Читаем Рейтинг Асури полностью

– Вождь, – почти неслышно проговорил старик, – я верующий, ты знаешь. Я хочу исповедаться, а священники к нам до сих пор не попадали…

Мэле грустно усмехнулся. Священник-преступник – этого еще не хватало.

Варгас нагнулся еще ближе, почти к самому лицу:

– Что сделать, скажи, я сделаю…

– Попроси Фалькао поговорить со мной… Он не священник, но он понимает Бога. Он больше священника.

Варгас кивнул и обернулся к людям. Среди остальных стоял и профессор. Вождь встал, подошел к Афе и что-то прошептал на ухо. Тот слушал и внимательно смотрел на Мэле. Потом, ответив также шепотом, Асури подошел к старику и сел на освободившуюся табуретку. Убрав руку с колен Даши, старик как-то неловко помахал ею в воздухе над собой. И Даша, и все остальные тут же отошли как можно дальше – профессор и Мэле остались совсем одни.

– Фалькао, когда я увидел тебя в первый раз, я понял, что ты не такой, как все. Не скажу, что святой, не знаю, не видел никогда… Ты… Я прошу, выслушай меня. Мне важно, чтобы я очистил душу перед смертью и ушел отсюда спокойным. Помоги мне в этом. Я хочу, чтобы ты вытерпел мои слова и сказал то, что говорят священники в конце всего: «Прощаются тебе грехи твои…»

Профессор растерялся, стал оглядываться на вождя, на остальных людей. Помощи ждать было неоткуда, все молча и покорно стояли поодаль, а решиться бросить Мэле и отойти к ним Афа просто не мог.

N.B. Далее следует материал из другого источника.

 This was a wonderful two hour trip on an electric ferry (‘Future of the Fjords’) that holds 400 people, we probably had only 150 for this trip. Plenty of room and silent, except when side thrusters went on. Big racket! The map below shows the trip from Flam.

Мэле слегка потряс руку профессора:

– Ты ничего не бойся, Фалькао. Ты просто выслушай меня и перед тем, как я умру, скажи те слова, которые нужно. Человеку это необходимо. Дело не в старости, нет. Дело в том, что с возрастом быстрее думается или вовсе не думается о жизни. Поэтому много времени остается, тогда и приходит в голову какой-то другой смысл. Понимаешь, если живешь, чтобы выжить, ничего путного в голову не придет. А когда ты живешь… Я хочу тебе сказать, что только здесь, уже на старости лет, я впервые понял, что такое жизнь. Может быть, это были самые мои счастливые годы. Здесь я жил, хотя уж здесь первое время точно приходилось выживать и даже выть от отчаяния. Твой рейтинг, Фалькао, очень нужный для человека удар. Очень…

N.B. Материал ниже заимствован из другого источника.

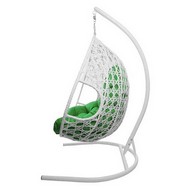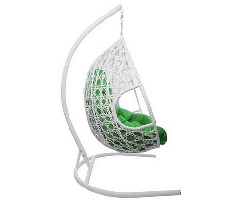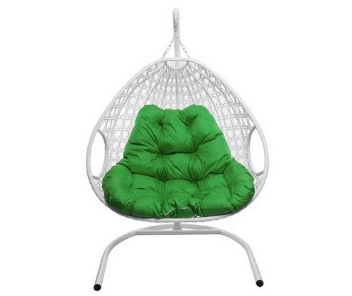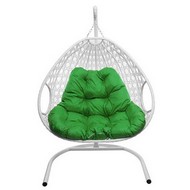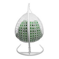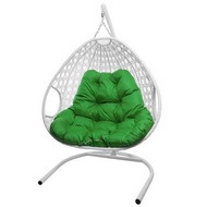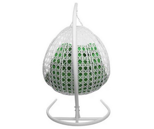 Подвесное кресло ДЛЯ ДВОИХ ЛЮКС с ротангом (белое, зелёная подушка)

Мэле другой рукой потянулся к лицу профессора. Взяв несколько прядей, он подтянул к себе лицо Афы и заговорил. Профессор чувствовал его дыхание, спокойное и мелкое, – так дышат собаки, когда, набегавшись за добычей и успокоившись, лежат у ног хозяина. Когда пасть уже можно закрыть и дышать только одним носом. Мэле, отохотившийся уже давно, только и ждал момента, когда ляжет у ног своего хозяина. Не найдя никого, кроме Асури, он говорил ему о своей жизни. Отодвинув табуретку, стоя на коленях и опершись одной рукой о песок, Афа приник к самому лицу старика и слушал каждое слово. Время от времени Мэле останавливался и немного отодвигал лицо профессора от себя, чтобы удостовериться, слышит ли его духовник. Убедившись, старик опять притягивал к себе лицо собеседника и продолжал говорить.

Мэле прожил не только длинную, но и очень пеструю жизнь. Простое перечисление его проступков заняло минут десять-пятнадцать. Старик помнил свою жизнь и старался как можно подробнее передать ее профессору. Словно все, что он сейчас отдаст, так и останется на этой земле, и уйдет Мэле в иной мир свободный и чистый. Нужно теперь только подтверждение профессора, что он все слышал, все понял и оставляет земную жизнь человека здесь, на земле, вместе с плотью, готовой уже сейчас превратиться в тлен.

Афа слушал и содрогался: впервые в жизни он испытывал страх уже только от пересказа содеянного. Постепенно душа его переставала вздрагивать, становилась мужественнее и выносливее – профессор даже успел подумать, насколько человеку хочется вернуться в лоно Вселенной без грязи, налипшей на «кожаной одежде». Афа слушал и понимал, что старик вовсе не раскаивается, как принято воспринимать откровение умирающего. Нет, он отчетливо признавал за собой грех и старался в полной мере описать его и даже назвать преступлением свою жизнь. Мэле не плакал, не страдал, не выпрашивал снисхождения – он самостоятельно разбирался со своей жизнью, не оставляя ни одной лазейки для оправдания. Единственно, чего он страстно желал, – это успеть еще при жизни оставить свое собственное суждение о себе самом и открыть дверь домой таким, каким он много лет назад захотел выйти в мир. И там, за дверью, ему еще предстоит ответить за свое желание самостоятельно попутешествовать вместе с собственным сознанием и одеждой плоти.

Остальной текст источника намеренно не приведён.